Supplied material.

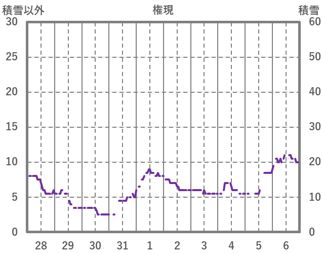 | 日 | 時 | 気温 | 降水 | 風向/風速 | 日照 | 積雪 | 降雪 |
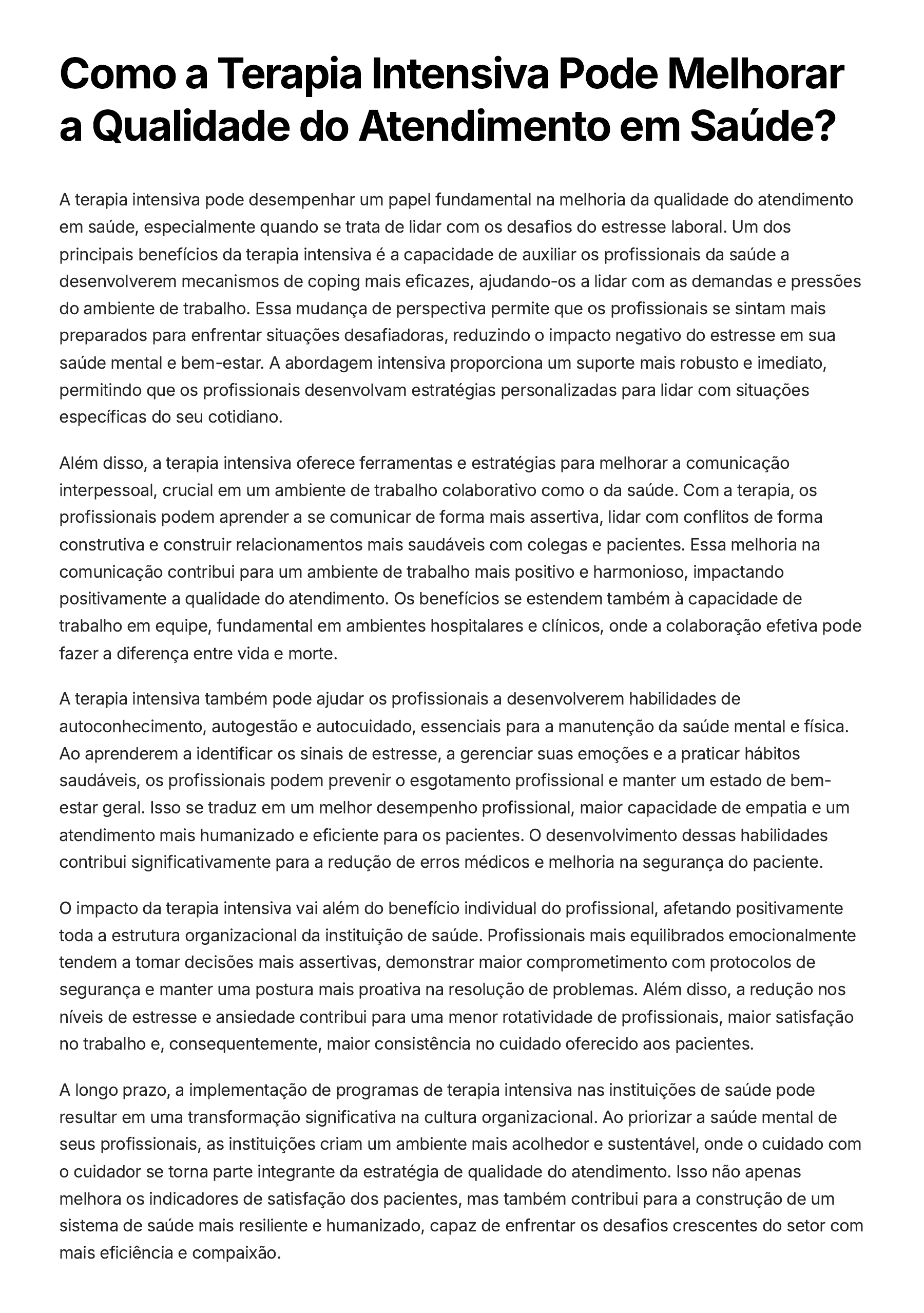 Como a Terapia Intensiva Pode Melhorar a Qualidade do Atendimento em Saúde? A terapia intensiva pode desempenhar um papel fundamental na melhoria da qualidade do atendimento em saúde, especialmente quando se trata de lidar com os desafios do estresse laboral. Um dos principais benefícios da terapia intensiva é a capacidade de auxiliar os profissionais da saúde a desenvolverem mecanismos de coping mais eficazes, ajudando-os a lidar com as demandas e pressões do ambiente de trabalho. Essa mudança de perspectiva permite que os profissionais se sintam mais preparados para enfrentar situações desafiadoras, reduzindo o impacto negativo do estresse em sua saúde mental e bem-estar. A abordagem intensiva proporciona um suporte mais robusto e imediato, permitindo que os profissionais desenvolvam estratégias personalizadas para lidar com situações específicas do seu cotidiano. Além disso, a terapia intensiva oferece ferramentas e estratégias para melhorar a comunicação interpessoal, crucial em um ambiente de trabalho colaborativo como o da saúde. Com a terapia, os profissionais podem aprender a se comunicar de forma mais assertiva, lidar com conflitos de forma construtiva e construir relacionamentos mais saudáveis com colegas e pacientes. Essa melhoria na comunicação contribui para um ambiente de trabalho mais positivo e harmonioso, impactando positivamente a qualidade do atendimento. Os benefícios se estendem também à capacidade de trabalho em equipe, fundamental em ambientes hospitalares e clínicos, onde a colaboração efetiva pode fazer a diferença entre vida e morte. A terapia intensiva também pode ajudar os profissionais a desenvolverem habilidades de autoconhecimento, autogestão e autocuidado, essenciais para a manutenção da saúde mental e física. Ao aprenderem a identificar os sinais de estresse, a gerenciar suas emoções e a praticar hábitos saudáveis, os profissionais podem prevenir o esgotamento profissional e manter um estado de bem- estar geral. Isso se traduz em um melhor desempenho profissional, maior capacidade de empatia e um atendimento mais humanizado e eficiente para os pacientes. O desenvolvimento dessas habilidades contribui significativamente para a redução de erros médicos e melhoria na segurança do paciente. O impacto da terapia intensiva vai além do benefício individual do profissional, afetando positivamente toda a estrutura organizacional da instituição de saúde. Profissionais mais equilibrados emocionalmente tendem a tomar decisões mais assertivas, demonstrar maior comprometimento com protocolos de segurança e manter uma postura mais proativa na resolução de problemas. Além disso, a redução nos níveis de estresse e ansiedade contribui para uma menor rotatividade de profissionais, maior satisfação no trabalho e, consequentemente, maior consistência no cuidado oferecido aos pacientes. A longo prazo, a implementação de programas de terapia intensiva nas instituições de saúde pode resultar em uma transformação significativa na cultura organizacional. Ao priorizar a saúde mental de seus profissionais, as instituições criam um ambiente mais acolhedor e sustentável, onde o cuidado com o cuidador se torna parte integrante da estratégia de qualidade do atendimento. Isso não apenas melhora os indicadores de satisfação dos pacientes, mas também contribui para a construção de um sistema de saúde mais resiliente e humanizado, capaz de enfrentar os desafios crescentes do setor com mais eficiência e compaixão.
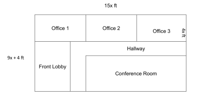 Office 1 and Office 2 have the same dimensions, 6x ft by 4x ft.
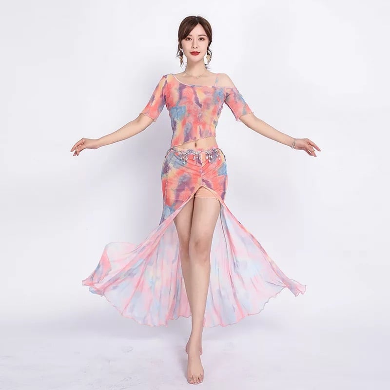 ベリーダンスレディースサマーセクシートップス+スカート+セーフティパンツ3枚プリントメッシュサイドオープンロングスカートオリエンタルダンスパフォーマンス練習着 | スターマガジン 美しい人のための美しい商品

Your assignment.
Set the material down exactly, images excluded.

Output for this task.
 | 日 | 時 | 気温 | 降水 | 風向/風速 | 日照 | 積雪 | 降雪 |
 Como a Terapia Intensiva Pode Melhorar a Qualidade do Atendimento em Saúde? A terapia intensiva pode desempenhar um papel fundamental na melhoria da qualidade do atendimento em saúde, especialmente quando se trata de lidar com os desafios do estresse laboral. Um dos principais benefícios da terapia intensiva é a capacidade de auxiliar os profissionais da saúde a desenvolverem mecanismos de coping mais eficazes, ajudando-os a lidar com as demandas e pressões do ambiente de trabalho. Essa mudança de perspectiva permite que os profissionais se sintam mais preparados para enfrentar situações desafiadoras, reduzindo o impacto negativo do estresse em sua saúde mental e bem-estar. A abordagem intensiva proporciona um suporte mais robusto e imediato, permitindo que os profissionais desenvolvam estratégias personalizadas para lidar com situações específicas do seu cotidiano. Além disso, a terapia intensiva oferece ferramentas e estratégias para melhorar a comunicação interpessoal, crucial em um ambiente de trabalho colaborativo como o da saúde. Com a terapia, os profissionais podem aprender a se comunicar de forma mais assertiva, lidar com conflitos de forma construtiva e construir relacionamentos mais saudáveis com colegas e pacientes. Essa melhoria na comunicação contribui para um ambiente de trabalho mais positivo e harmonioso, impactando positivamente a qualidade do atendimento. Os benefícios se estendem também à capacidade de trabalho em equipe, fundamental em ambientes hospitalares e clínicos, onde a colaboração efetiva pode fazer a diferença entre vida e morte. A terapia intensiva também pode ajudar os profissionais a desenvolverem habilidades de autoconhecimento, autogestão e autocuidado, essenciais para a manutenção da saúde mental e física. Ao aprenderem a identificar os sinais de estresse, a gerenciar suas emoções e a praticar hábitos saudáveis, os profissionais podem prevenir o esgotamento profissional e manter um estado de bem- estar geral. Isso se traduz em um melhor desempenho profissional, maior capacidade de empatia e um atendimento mais humanizado e eficiente para os pacientes. O desenvolvimento dessas habilidades contribui significativamente para a redução de erros médicos e melhoria na segurança do paciente. O impacto da terapia intensiva vai além do benefício individual do profissional, afetando positivamente toda a estrutura organizacional da instituição de saúde. Profissionais mais equilibrados emocionalmente tendem a tomar decisões mais assertivas, demonstrar maior comprometimento com protocolos de segurança e manter uma postura mais proativa na resolução de problemas. Além disso, a redução nos níveis de estresse e ansiedade contribui para uma menor rotatividade de profissionais, maior satisfação no trabalho e, consequentemente, maior consistência no cuidado oferecido aos pacientes. A longo prazo, a implementação de programas de terapia intensiva nas instituições de saúde pode resultar em uma transformação significativa na cultura organizacional. Ao priorizar a saúde mental de seus profissionais, as instituições criam um ambiente mais acolhedor e sustentável, onde o cuidado com o cuidador se torna parte integrante da estratégia de qualidade do atendimento. Isso não apenas melhora os indicadores de satisfação dos pacientes, mas também contribui para a construção de um sistema de saúde mais resiliente e humanizado, capaz de enfrentar os desafios crescentes do setor com mais eficiência e compaixão.
 Office 1 and Office 2 have the same dimensions, 6x ft by 4x ft.
 ベリーダンスレディースサマーセクシートップス+スカート+セーフティパンツ3枚プリントメッシュサイドオープンロングスカートオリエンタルダンスパフォーマンス練習着 | スターマガジン 美しい人のための美しい商品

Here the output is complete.